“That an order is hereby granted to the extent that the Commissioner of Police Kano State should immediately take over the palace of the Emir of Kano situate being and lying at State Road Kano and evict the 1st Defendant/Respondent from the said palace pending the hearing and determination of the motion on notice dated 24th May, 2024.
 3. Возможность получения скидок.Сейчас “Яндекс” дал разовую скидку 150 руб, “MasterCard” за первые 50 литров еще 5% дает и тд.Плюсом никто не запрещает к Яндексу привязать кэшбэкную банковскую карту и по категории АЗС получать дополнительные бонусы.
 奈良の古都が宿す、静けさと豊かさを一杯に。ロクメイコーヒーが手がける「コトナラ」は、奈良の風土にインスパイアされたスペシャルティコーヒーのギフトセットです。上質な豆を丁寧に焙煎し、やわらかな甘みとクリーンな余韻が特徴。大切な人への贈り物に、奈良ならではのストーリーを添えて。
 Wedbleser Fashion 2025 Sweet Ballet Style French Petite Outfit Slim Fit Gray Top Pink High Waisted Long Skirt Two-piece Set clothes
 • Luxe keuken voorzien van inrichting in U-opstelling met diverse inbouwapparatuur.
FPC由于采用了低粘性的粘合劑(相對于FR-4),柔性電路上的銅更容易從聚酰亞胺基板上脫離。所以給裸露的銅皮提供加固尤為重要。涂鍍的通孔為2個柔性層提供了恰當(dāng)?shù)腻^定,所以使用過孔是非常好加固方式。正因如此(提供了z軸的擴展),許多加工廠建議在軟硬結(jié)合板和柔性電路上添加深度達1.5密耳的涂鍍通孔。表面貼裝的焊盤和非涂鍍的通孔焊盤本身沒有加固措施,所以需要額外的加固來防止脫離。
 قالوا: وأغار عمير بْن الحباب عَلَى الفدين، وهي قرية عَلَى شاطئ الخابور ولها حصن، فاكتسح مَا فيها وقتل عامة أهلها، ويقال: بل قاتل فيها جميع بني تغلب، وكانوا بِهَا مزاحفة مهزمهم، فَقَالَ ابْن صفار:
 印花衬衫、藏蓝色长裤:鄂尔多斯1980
# # # #
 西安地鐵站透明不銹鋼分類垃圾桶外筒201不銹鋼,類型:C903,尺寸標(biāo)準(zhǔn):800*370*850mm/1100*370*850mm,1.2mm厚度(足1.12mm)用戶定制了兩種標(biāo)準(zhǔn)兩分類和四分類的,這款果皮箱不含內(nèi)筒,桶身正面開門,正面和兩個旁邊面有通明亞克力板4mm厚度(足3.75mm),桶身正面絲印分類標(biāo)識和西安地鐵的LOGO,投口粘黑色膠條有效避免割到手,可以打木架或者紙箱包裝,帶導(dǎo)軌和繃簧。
# # # #
* **EXERCISE INSTRUCTIONS**: Please reproduce, exactly as they appear above, the lines from the line containing "24th May, 2024." up to and including the line containing "3. Возможность получения".

* **ANSWER SECTION**:
“That an order is hereby granted to the extent that the Commissioner of Police Kano State should immediately take over the palace of the Emir of Kano situate being and lying at State Road Kano and evict the 1st Defendant/Respondent from the said palace pending the hearing and determination of the motion on notice dated 24th May, 2024.
 3. Возможность получения скидок.Сейчас “Яндекс” дал разовую скидку 150 руб, “MasterCard” за первые 50 литров еще 5% дает и тд.Плюсом никто не запрещает к Яндексу привязать кэшбэкную банковскую карту и по категории АЗС получать дополнительные бонусы.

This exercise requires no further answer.